Generate assemblers from disassemblers, code to accompany the 2018 Jailbreak Security Summit talk.
The original two architecture tested for this talk were powerpc and mips. Additional architecture exist in their respective directories.
The powerpc assembler is live in Binary Ninja as part of the open source powerpc architecture, see: https://github.com/Vector35/ppc-capstone.
Files
- ./ppc - ppc assembler
- ./ppc/tools - helper programs, tests, etc.
- ./mips - mips assembler
- ./mips/tools - helper programs, tests, etc.
- ./arm-capstone - arm assembler with capstone as oracle (WIP)
- ./arm-capstone/tools - helper programs, test, etc.
- ./arm-binja - arm assembler with binary ninja as oracle (WIP)

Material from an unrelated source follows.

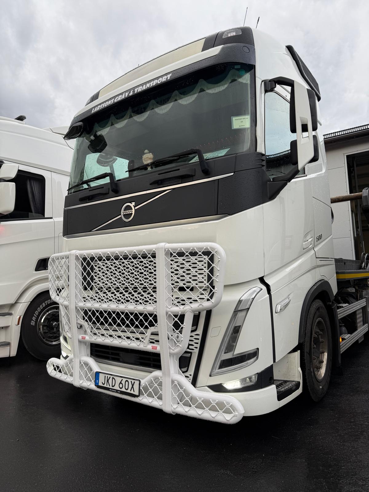 VOLVO AERO FH4/FH5 Frontskydd med Vingar Uppåt Ge din Volvo Aero FH4/FH5 ett grymt och funktionellt utseende med vårt frontskydd designat för att passa den senaste modellen. Med vingar som pekar uppåt får din lastbil en aggressiv och stilren look som utstrålar kraft och precision. Standardutrustat med 4 fasta extraljusfästen i mitten av frontskyddet, samt ett extra ljusfäste på varje vinge för maximal synlighet på vägen. Oavsett om du kör i mörka förhållanden eller vill sticka ut på vägen, ger denna lösning både ett imponerande utseende och praktisk funktion. Kombinera stil med prestanda och gör din Volvo Aero till en vägkung! (Godkänt intyg finns för frontskyddet)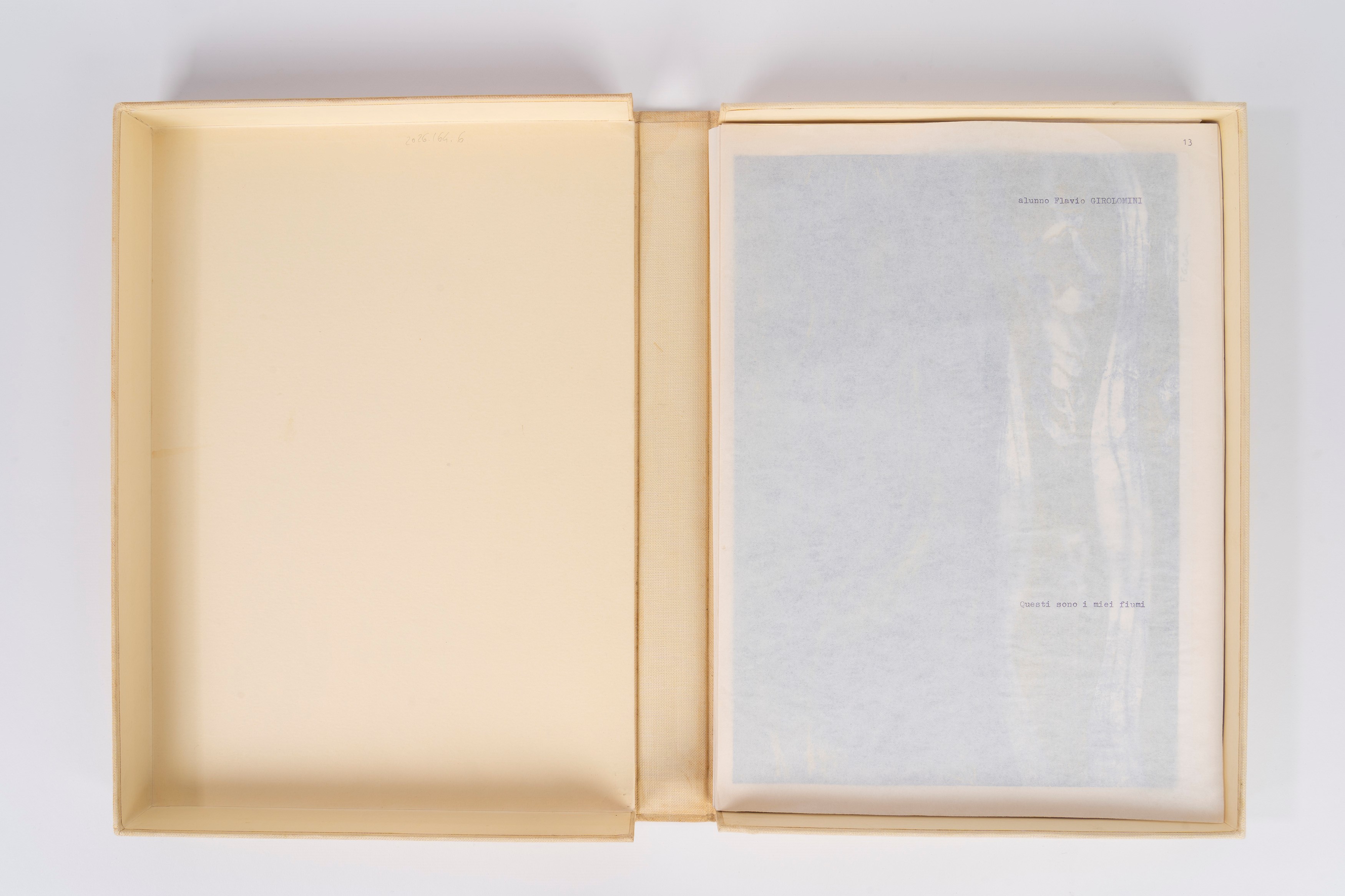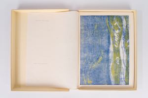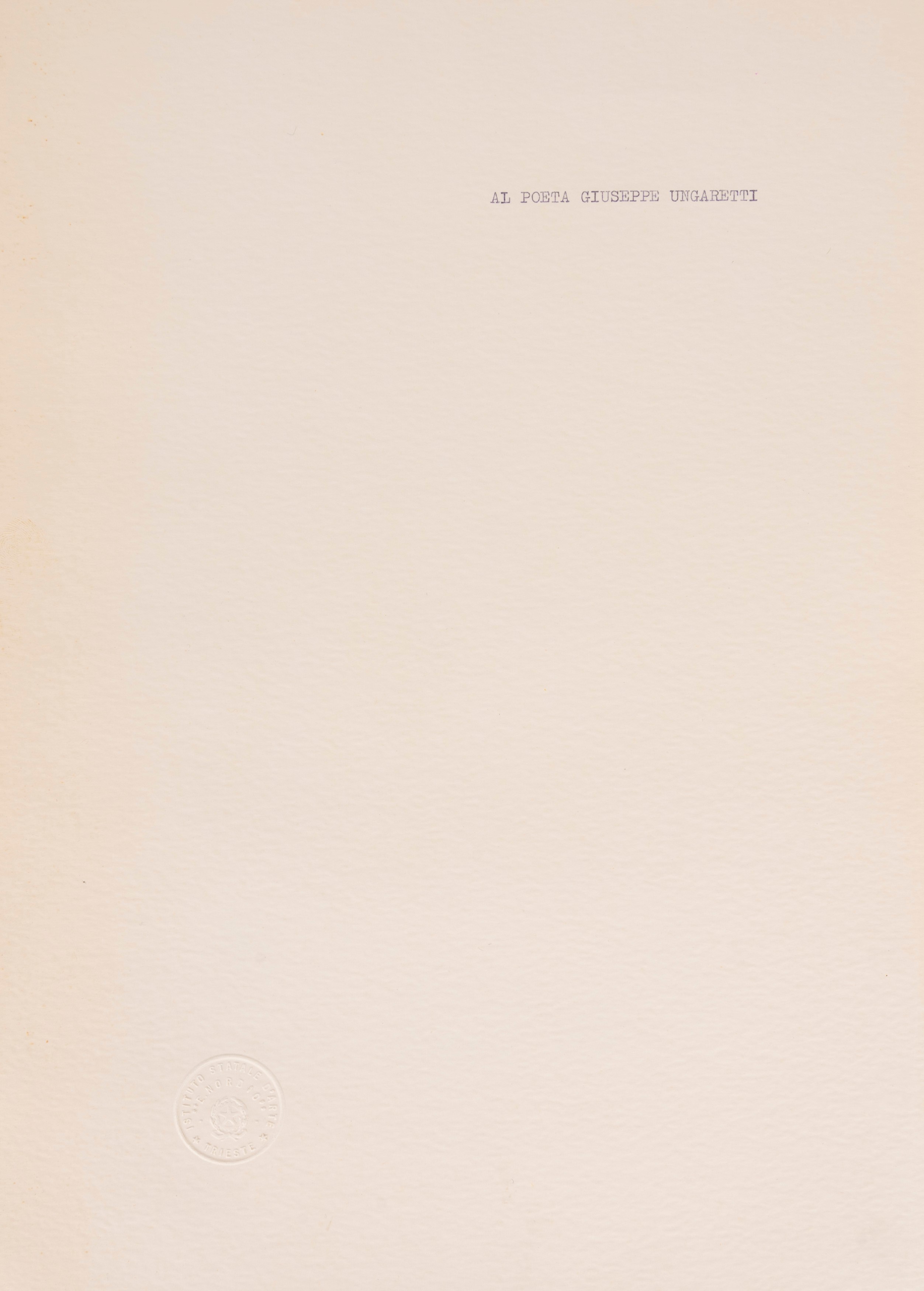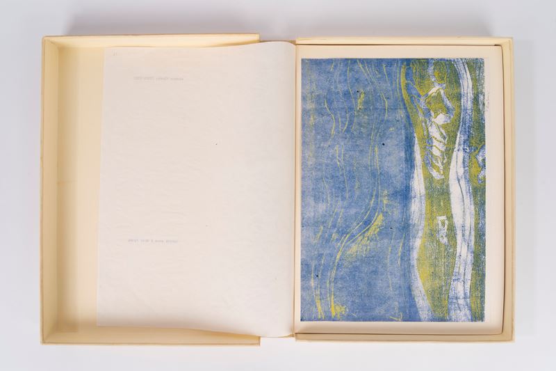 Beige canvas folder containing a loose sheet of dry-stamped art from the E. Nordio State Art Institute of Trieste and 23 plates created by students of the Trieste Institute, each protected by tissue paper with the artist's name and a verse from works by Ungaretti. A paper insert with the name of the Institute is attached to the front cover.

- ./arm-binja/tools - helper programs, test, etc.
Speed
With compile optimized for speed, I'm getting 4k asssembles/sec for randomly sampled encodings over the 32-bit instruction space.
How?
- Travel all 32-bit encodings, disassemble, and collect opcode->encoding "seeds". See opc_seeds.cpp.
- For each opcode->encoding seed, fuzz the encoding and tokenize the result, further breaking the instruction spaces into syntax->encoding seeds. See syn_seeds.py.
- For each syn->encoding seed, fuzz again to get bit patterns like "0011xx01xx1" that instruct the genetic algorithm where to toggle bits. See syn_bitpats.py.
- Genetic algorithm changes the wildcard x bits from the bit pattern, using the fitness function that considers the type of each token. String tokens are strcmp'd, numeric tokens are hamming-distance compared.
License
This code MIT licensed, see LICENSE.txt.
It links against the Capstone disassembly framework which is BSD licensed.